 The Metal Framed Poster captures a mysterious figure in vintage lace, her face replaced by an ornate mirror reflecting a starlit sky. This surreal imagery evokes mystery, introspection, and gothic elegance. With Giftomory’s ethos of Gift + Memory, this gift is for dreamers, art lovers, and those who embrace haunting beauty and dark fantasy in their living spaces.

--

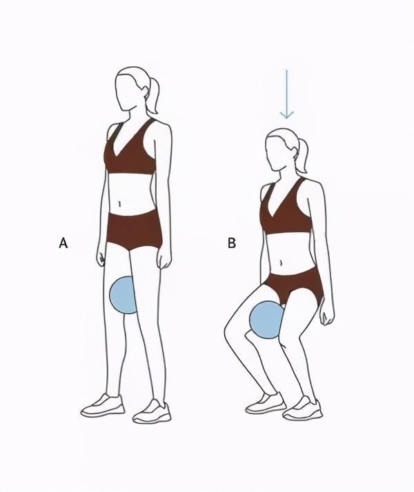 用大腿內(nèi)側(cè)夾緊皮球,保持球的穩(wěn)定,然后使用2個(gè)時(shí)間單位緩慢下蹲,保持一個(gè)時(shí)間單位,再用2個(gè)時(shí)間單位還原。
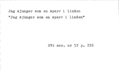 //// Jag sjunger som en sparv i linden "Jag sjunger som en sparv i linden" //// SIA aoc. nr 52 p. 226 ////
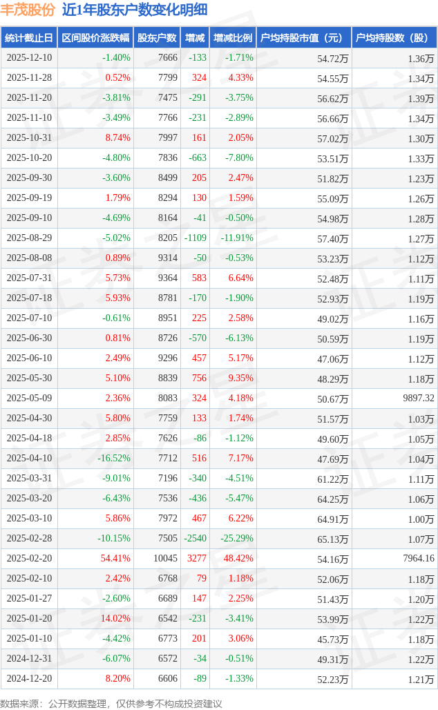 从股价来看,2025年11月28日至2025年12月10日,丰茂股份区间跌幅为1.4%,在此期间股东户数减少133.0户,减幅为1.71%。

* * *

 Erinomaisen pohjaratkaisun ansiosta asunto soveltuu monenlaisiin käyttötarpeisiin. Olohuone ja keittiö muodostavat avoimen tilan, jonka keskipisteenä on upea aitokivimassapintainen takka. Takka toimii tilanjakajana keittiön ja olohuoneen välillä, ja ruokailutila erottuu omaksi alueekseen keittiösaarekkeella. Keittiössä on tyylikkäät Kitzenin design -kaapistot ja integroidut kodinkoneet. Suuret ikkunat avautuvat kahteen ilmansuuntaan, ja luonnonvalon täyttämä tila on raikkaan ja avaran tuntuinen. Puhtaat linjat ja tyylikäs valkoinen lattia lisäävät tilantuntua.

• [The problem]: Reproduce word for word, with pictures dropped, only the part of the material above that opens with the line containing "52 p. 226 ////" and closes with the line containing "从股价来看,2025年11月".

• [Answer to this exercise]:
 //// Jag sjunger som en sparv i linden "Jag sjunger som en sparv i linden" //// SIA aoc. nr 52 p. 226 ////
 从股价来看,2025年11月28日至2025年12月10日,丰茂股份区间跌幅为1.4%,在此期间股东户数减少133.0户,减幅为1.71%。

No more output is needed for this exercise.